== WHAT YOU WILL DO ==
From the first line to the last, copy the material exactly and leave the pictures out.

== INFORMATION PROVIDED ==
>>>>

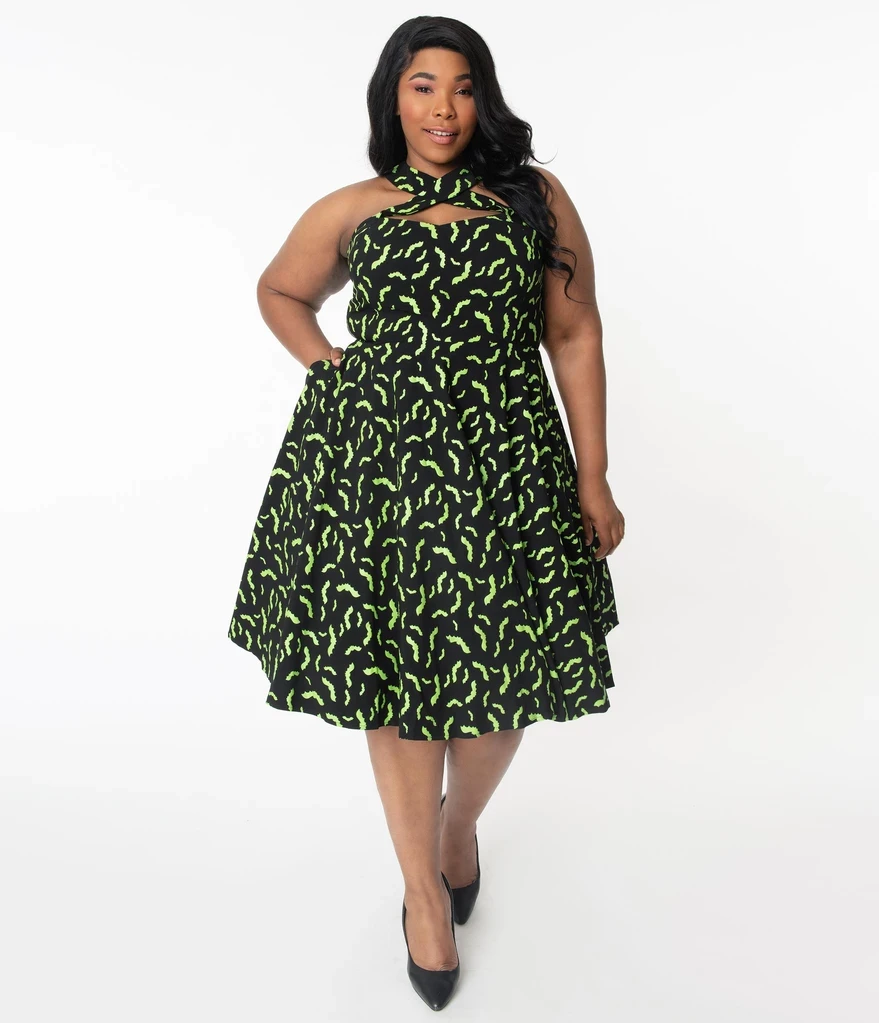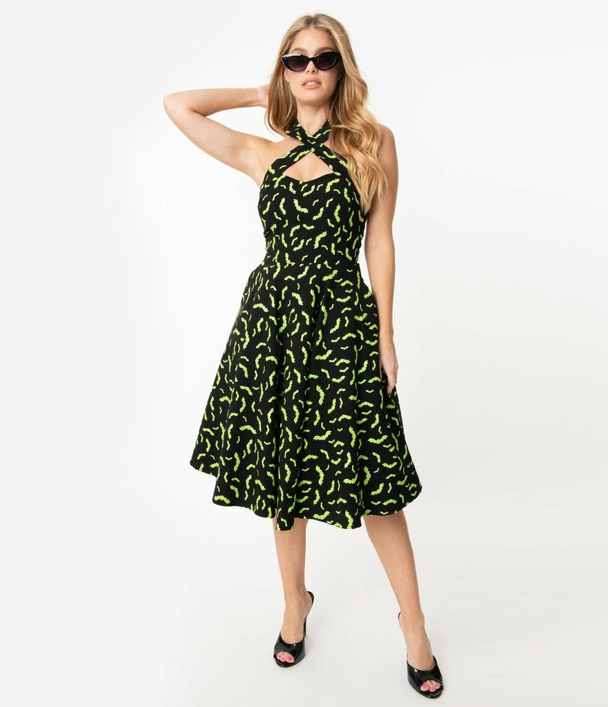 Unique Vintage Rita Green Bats Dress
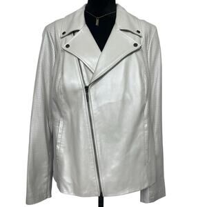 EUC - H By Halston Pearl Essence Perforated Leather Moto Jacket
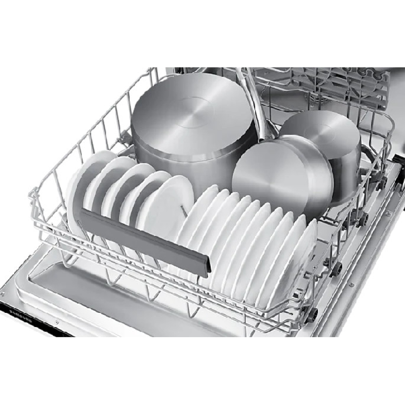 De Samsung DW60A6082BB inbouwvaatwasser heeft een strak wit design dat harmonieus in je keuken past. Met afmetingen van 59,8 x 81,5 x 55 cm past hij in de meeste inbouwruimtes. Met een capaciteit van 13 couverts is er genoeg ruimte om al het servies van een familiediner of een etentje met vrienden te wassen. De verstelbare bovenkorf biedt flexibiliteit voor grotere schalen of pannen. Het flexibele laadsysteem laat je de manden aanpassen zodat je verschillende soorten servies kunt plaatsen, van borden tot delicate glazen. Deze aanpasbaarheid optimaliseert de binnenruimte en maakt elke wascyclus eenvoudiger en efficiënter.
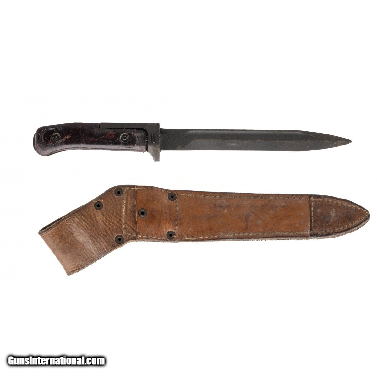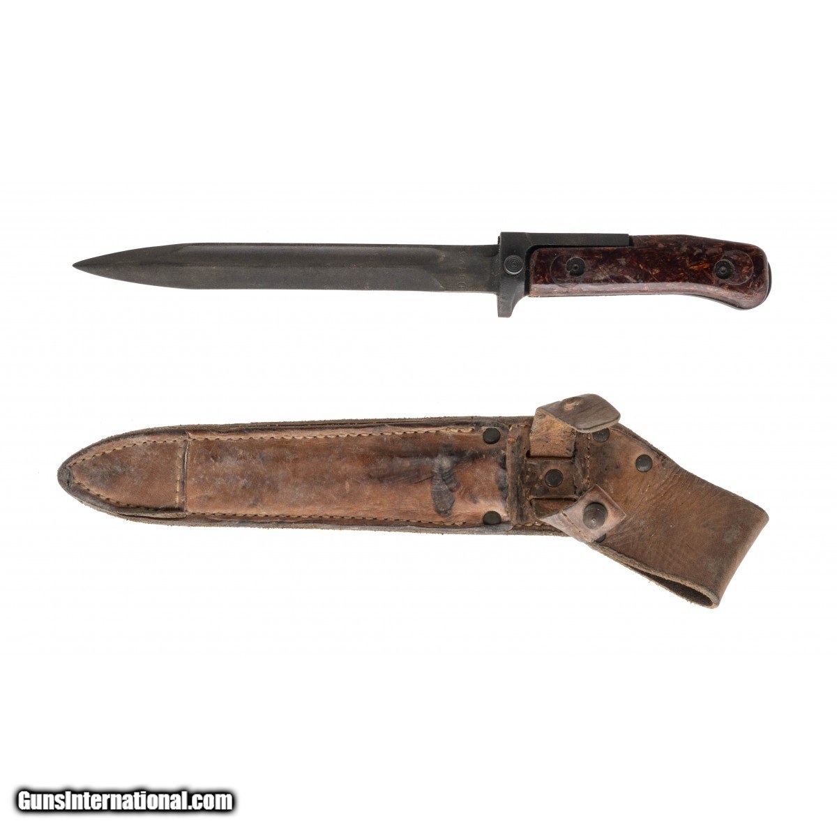Description: "Czech Vz.58 assault rifle bayonet with a leather sheath. Overall length is 11.5-inches with a 6.75-inch blade. Consignment SOLD |

<<<<

== THE ANSWER ==
 Unique Vintage Rita Green Bats Dress
 EUC - H By Halston Pearl Essence Perforated Leather Moto Jacket
 De Samsung DW60A6082BB inbouwvaatwasser heeft een strak wit design dat harmonieus in je keuken past. Met afmetingen van 59,8 x 81,5 x 55 cm past hij in de meeste inbouwruimtes. Met een capaciteit van 13 couverts is er genoeg ruimte om al het servies van een familiediner of een etentje met vrienden te wassen. De verstelbare bovenkorf biedt flexibiliteit voor grotere schalen of pannen. Het flexibele laadsysteem laat je de manden aanpassen zodat je verschillende soorten servies kunt plaatsen, van borden tot delicate glazen. Deze aanpasbaarheid optimaliseert de binnenruimte en maakt elke wascyclus eenvoudiger en efficiënter.
Description: "Czech Vz.58 assault rifle bayonet with a leather sheath. Overall length is 11.5-inches with a 6.75-inch blade. Consignment SOLD |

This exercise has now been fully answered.